Each problem performs at most two passes over log n positions, or a single pass over a numeric range of size n — so the complexity stays logarithmic.

Real-World Connections

Finding date ranges in logs — given millions of log lines sorted by timestamp, finding all lines between two timestamps is exactly a find_first / find_last pair on the timestamp column.

Python bisect modulebisect.bisect_left(a, x) returns the first index where x could be inserted to keep a sorted (equivalent to find_first), and bisect.bisect_right(a, x) returns the last such index.

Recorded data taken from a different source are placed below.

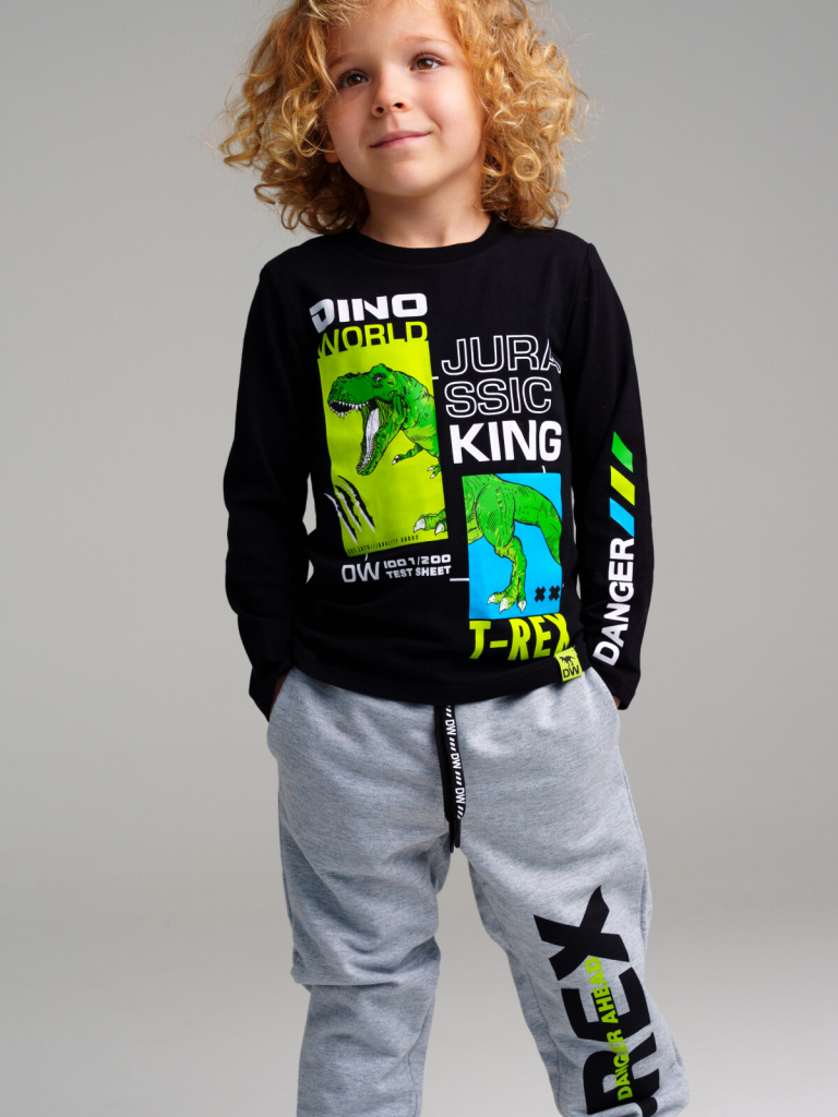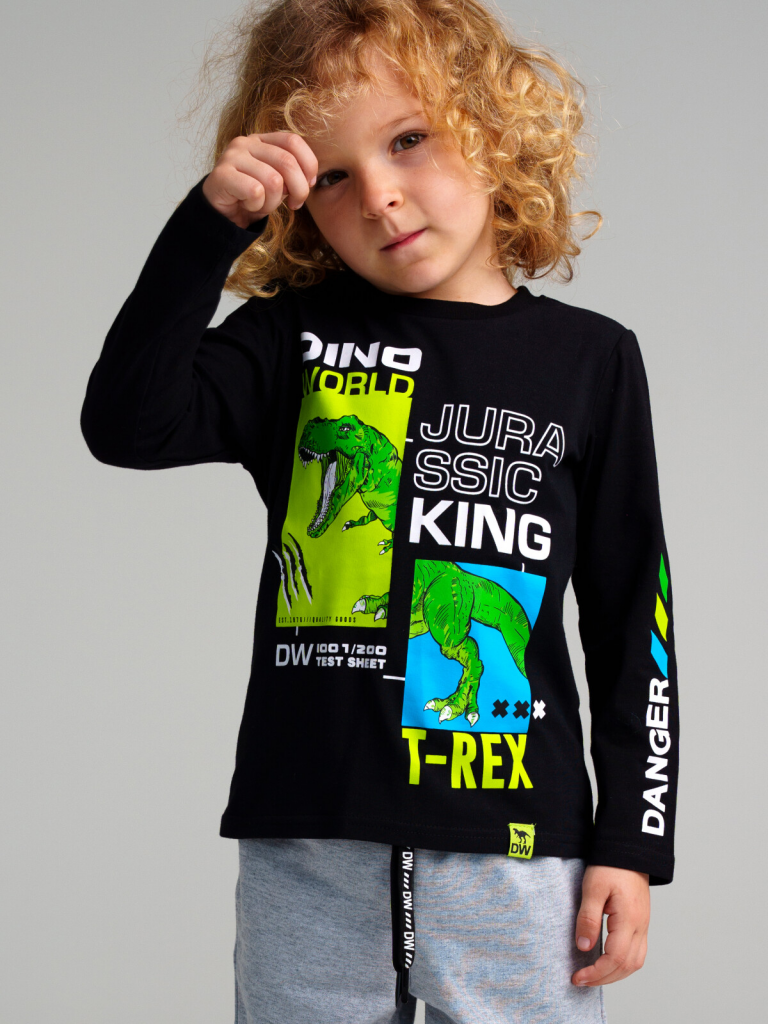 > Фуфайка трикотажная для мальчиков (футболка с длинными рукавами) черный,разноцветный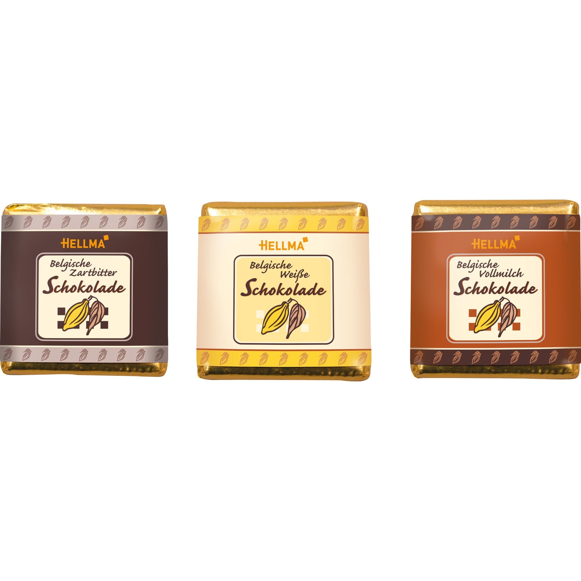 Bezeichnung: Hellma Schokolade Belgische Täfelchen Zartbitter, Vollmilch, weiße Schokolade 130 x 4,5 g/Pack.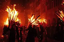 The origins of the custom are open to speculation. Often identified as a "pagan spring ritual" due to the archaic qualities of the fire spectacle, the earliest report of a procession of torch bearers dates to 1869.[1] A tradition of bonfires before Lent has a longer history of attestation, dating from at least the 16th century.
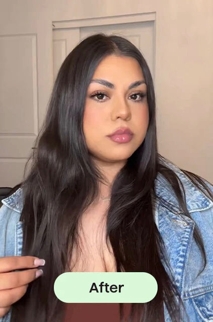 • Después: un look liso, brillante y elegante, sin esfuerzo ni cables.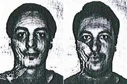 | Montage réalisé le 4 décembre 2015 à partir des photos de deux suspects, fournies par la police belge, recherchés dans l'enquête sur les attentats de Paris. |
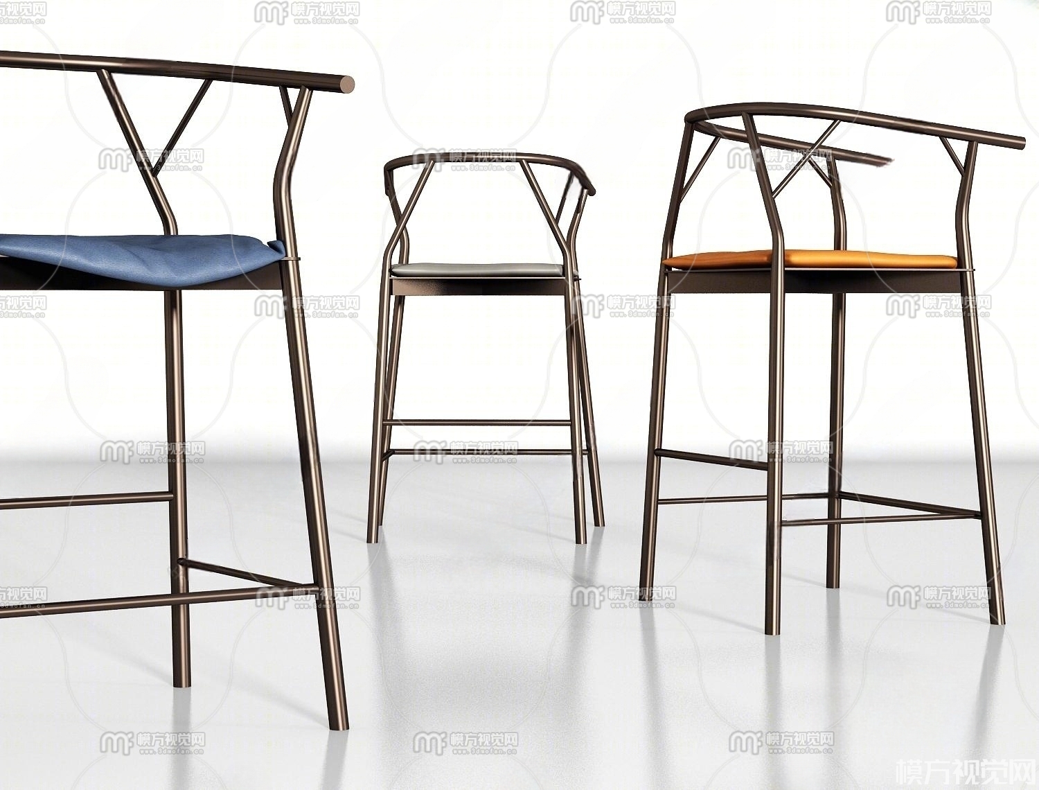 现代金属皮革吧台椅组合3D模型(ID:0005929)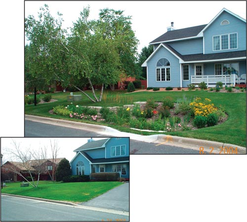 Although stormwater runoff carries more than 85 percent of pollutants to Minnesota’s lakes and rivers, the increasing volume of that runoff from impervious surfaces is just as big a problem. Parking lots, roads, and drainage pipes send stormwater directly into lakes and rivers; the amount and force of that runoff result in flooding and shoreline erosion, including the destruction of plants. In addition, the stormwater carries harmful substances to lakes and rivers: sediment, which reduces water clarity, and phosphorus from fertilizers, oil and grease and atmospheric deposition, which promote the growth of algae. One increasingly popular way to filter and reduce the volume of stormwater runoff is with rainwater gardens. By capturing runoff in shallow depressions and letting it to soak into the ground, rainwater gardens not only lowers the peak flow, but increases the base flow of water that reaches lakes and streams, but help recharge stores of groundwater in aquifers. Moreover, they filter out sediment and other pollutants like oil, grease, and heavy metals by catching about the first inch of runoff, which contains the highest concentration of pollutants. Rainwater gardens transform stormwater from a destructive carrier of pollution into a source of sustenance for plant and wildlife habitats: the plants thrive on nitrogen and phosphorus, while their stems trap sediment. Rainwater gardens are being incorporated into many new and existing areas for their environmental benefits, as well as their natural beauty. Minneapolis-based Barr Engineering Company began working with the city of Burnsville, Minnesota, in early 2002 to develop a plan for improving the water quality of Crystal Lake by adding rainwater gardens to a 20-year-old neighborhood. To measure the effectiveness of the gardens, two nearly identical neighborhoods were chosen for the project: one to be “retrofitted” with 17 rainwater gardens, and the other, just one street away, to serve as a control site. Leslie Yetka, a water resources specialist for the city of Burnsville, got the ball rolling by obtaining funds for a stormwater-treatment study $30,000 from the city and a $117,000 grant from the Metropolitan Council, which is a regional planning agency for the seven-county Twin Cities metro area. The challenge she faced was finding an affordable way to significantly reduce runoff from residential areas that already had curbing and conventional storm sewers in place. Leslie explains, “We didn’t have room for traditional treatment approaches such as stormwater ponds, so we needed to focus more on treating the runoff at its source, or basically at each home.” The Dakota County Soil and Water Conservation District provided initial technical expertise in evaluating alternative stormwater-treatment practices at a residential-lot level. Then Leslie hired Barr to help identify which treatment technique, within the scope of the study funds, would result in the greatest reduction of runoff. After discussing budgets, goals, options, and constraints, they determined that rainwater gardens offered the most promising solution for decreasing the amount of stormwater entering Crystal Lake. Barr would design the rainwater gardens and select appropriate plantings, as well as work with Leslie in educating homeowners and overseeing the construction process.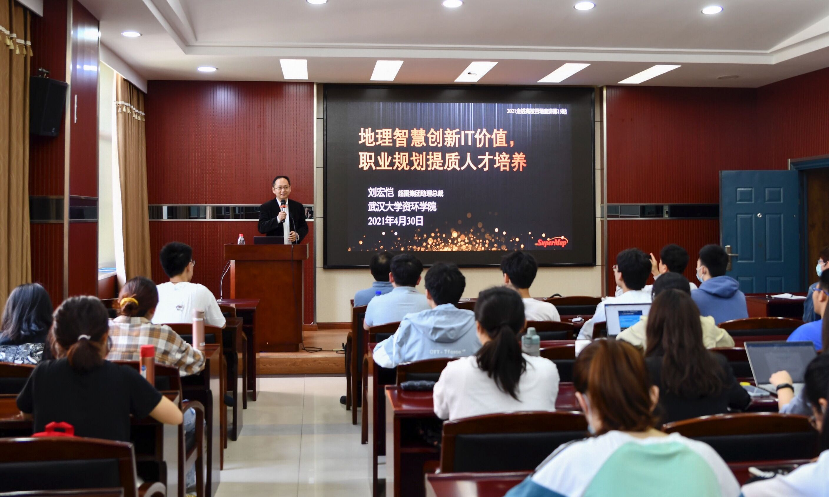 据悉,超图集团与我校有共建“GIS教学及应用创新中心”,我校学生也长期参加SuperMap杯高校GIS大赛并多次获奖,校企双方有良好的合作基础。本次讲座不但让GIS专业学生了解了最新的行业态势,增强了职业生涯规划意识,同时搭建了学生与行业标杆企业间的零距离沟通平台,有助于校企交流。
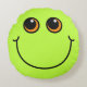 Este travesseiro tem uma cara verde de sorriso feliz do emoji com olhos alaranjados.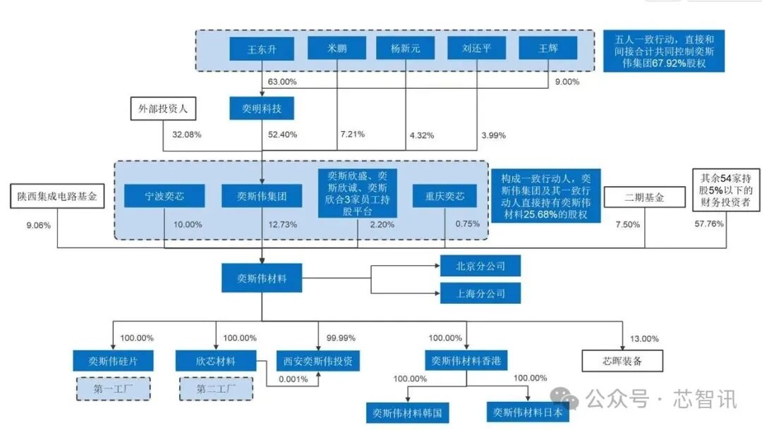 股权结构方面,奕斯伟科技集团、奕行基金、国有控股的陕西省集成电路基金、国有控股的大基金二期、宣岳投资为该公司前五名股东,分别持有其12.73%、10%、9.06%、7.5%、4.03%的股份,其中前四者为大股东。

These are used internally by Python’s SortedList containers.

import bisect

events = [
    "2024-03-01 login",
    "2024-03-02 purchase",
    "2024-03-02 refund",
    "2024-03-02 logout",
    "2024-03-05 login",
]

# All events on 2024-03-02
lo = bisect.bisect_left(events,  "2024-03-02")
hi = bisect.bisect_right(events, "2024-03-02\xff")  # \xff sorts after all printable chars

print("Events on 2024-03-02:")
for e in events[lo:hi]:
    print(" ", e)

C++ STL lower_bound / upper_bound — C++’s <algorithm> header provides lower_bound (first position ≥ target) and upper_bound (first position > target) on any sorted range. They are the direct equivalents of find_first and the index after find_last, and they are used extensively in competitive programming and systems code.